Some of the following questions are multiple choice. In these instances, you will be asked to save your answer to a specific variable. When saving your answer, please remember to use quotes around the letter and make it lowercase (ex. "a"). There are visible test functions you can use to verify whether the answer is properly formatted (**NOTE: this will <u>NOT</u> tell you if the answer is correct**).

The other questions are open response.

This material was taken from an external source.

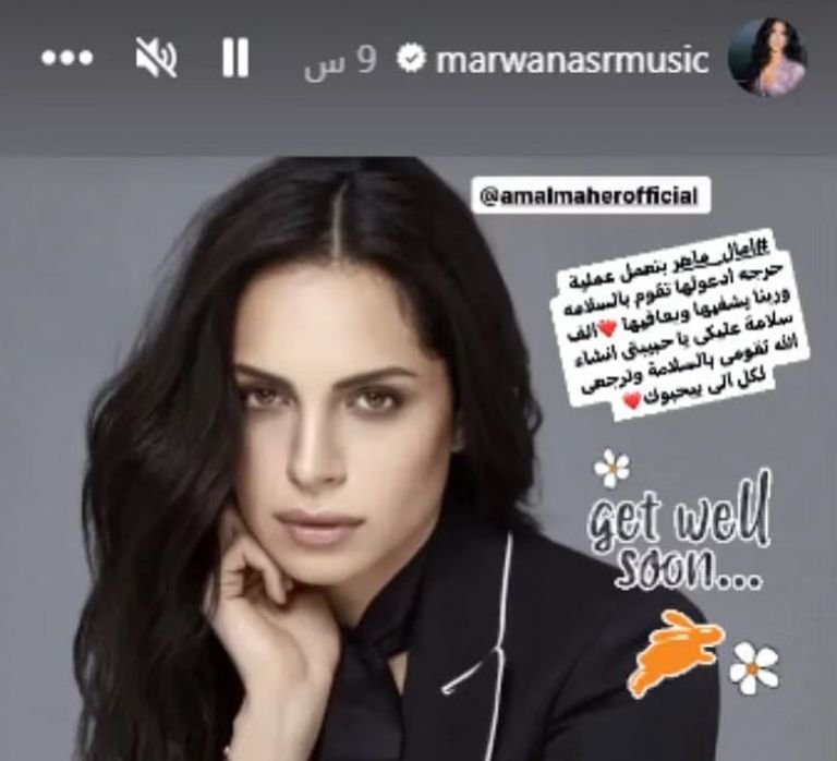 وكانت الفنانة مروة نصر قد نشرت صورة لزميلتها وتمنت لها الشفاء العاجل، ونفت أن تكون العملية جراحة تجميلية بعد سؤال أحد المتابعين.

For these, please answer in **<u>150 words max</u>**. Please be clear and concise in your answers.

1.	In your own words, what is the broad question that this study is investigating? What is the specific question that will be tested with these methods? **(3 points)**

> The broad question this study is investigating is the impact of mindfulness training on psychosocial well-being. The specific question that will be tested is whether self-guided mindfulness training via the app 'Headspace' enhances psychosocial well-being.

2.	What kind of research design is being used? Save your answer to `mc.2`. **(1 point)**

    a.	Experimental
    
    b.	Quasi-experimental
    
    c.	Correlational
    
    d.	Descriptive

In [0]:
mc.2 <- "a"

In [0]:
if (test_that("testMC2.1", {
    expect_true(mc.2 %in% c("a", "b", "c", "d"))
})) {
    print("Your answer is formatted properly!")
} else {
    stop("mc.2 should be one of a, b, c, d")
}


3.	The main independent variable in this design is the mindfulness intervention, in which people either engage in self-guided meditation (MM) or a waitlist control (WL) that gets no intervention. How many levels does the independent variable have, and was it manipulated within or between subjects? Save your answer to `mc.3` **(1 point)**

    a. 2 levels, within subjects

    b. 3 levels, within subjects

    c. 2 levels, between subjects

    d. 3 levels, between subjects

In [0]:
mc.3 <- "c"

In [0]:
if (test_that("testMC3.1", {
    expect_true(mc.3 %in% c("a", "b", "c", "d"))
})) {
    print("Your answer is formatted properly!")
} else {
    stop("mc.3 should be one of a, b, c, d")
}


4.	Another independent variable is the timepoint at which participants are measured. All participants (in both the MM and WL conditions) completed measures of well-being at baseline (the day they began the study), 10 days later, and 30 days later. How many levels does this independent variable have, and was it manipulated within or between subjects? Save your answer to `mc.4`. **(1 point)**

    a.	2 levels, within subjects
    
    b.	3 levels, within subjects
    
    c.	2 levels, between subjects
    
    d.	3 levels, between subjects


In [0]:
mc.4 <- "b"

In [0]:
if (test_that("testMC4.1", {
    expect_true(mc.4 %in% c("a", "b", "c", "d"))
})) {
    print("Your answer is formatted properly!")
} else {
    stop("mc.4 should be one of a, b, c, d")
}


5.	There were 3 main dependent variables measured in this study. One of them, the Satisfaction with Life Scale, is described in the paper like this: “The Satisfaction with Life Scale (SWLS) is a 5-item scale that assesses global satisfaction (e.g. ‘so far I have gotten the important things I want in my life’). Individuals indicate their degree of agreement or disagreement with the items using a 7-point Likert scale (1 = strongly disagree to 7 = strongly agree). The scale is shown to have strong psychometric properties including internal consistency (α = .87) and a high test-retest reliability (α = .82).” Explain what the authors mean when they say this scale has strong internal consistency and test-retest reliability. **(3 points)**

> Internal consistency means that there is a high correlation between the 5 items on the scale on how well they measure the same construct. For example, a participant who indicated high satisfaction with life according to one item would indicate the same when rating agreement with another item. Test-retest reliability refers to the strong correlation between scores across time. Since this scale has strong test-retest reliability, a participant who completes the test twice will score very similarly.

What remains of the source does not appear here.